● **Task to carry out**
Starting at the line that contains "コーヒーとサンドイッチでカフェ気分" and stopping after the line that contains "TE 产品编号ASX002-03SC-HE RECEPTACLE", transcribe the listing below exactly; do not include any pictures.

● **Data to use**
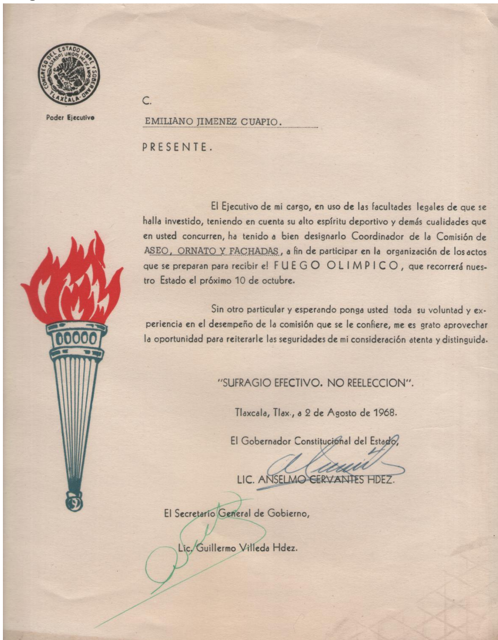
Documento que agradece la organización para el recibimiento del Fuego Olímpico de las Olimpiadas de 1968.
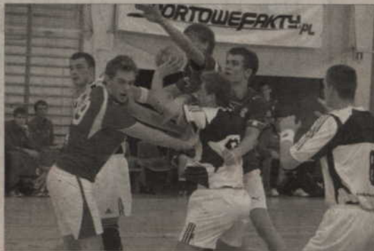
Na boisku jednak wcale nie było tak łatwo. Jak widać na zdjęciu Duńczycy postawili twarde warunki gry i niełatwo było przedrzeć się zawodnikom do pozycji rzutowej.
...
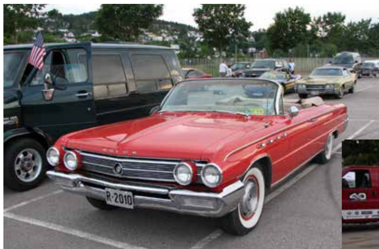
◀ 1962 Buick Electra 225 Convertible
* * *
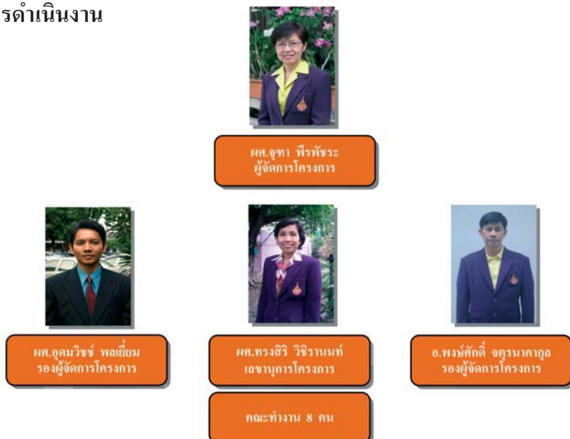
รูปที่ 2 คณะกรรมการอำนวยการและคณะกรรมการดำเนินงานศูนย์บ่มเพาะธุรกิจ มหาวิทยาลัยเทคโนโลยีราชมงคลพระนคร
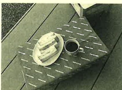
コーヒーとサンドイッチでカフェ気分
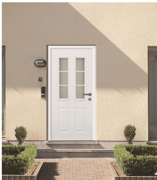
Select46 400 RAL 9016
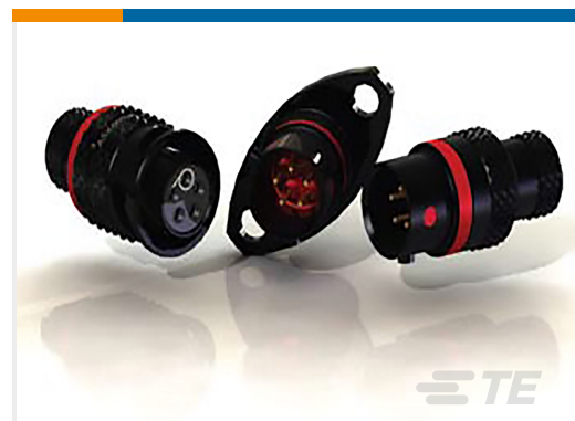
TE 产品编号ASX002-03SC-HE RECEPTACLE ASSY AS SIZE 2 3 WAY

● **Solution**
コーヒーとサンドイッチでカフェ気分
Select46 400 RAL 9016
TE 产品编号ASX002-03SC-HE RECEPTACLE ASSY AS SIZE 2 3 WAY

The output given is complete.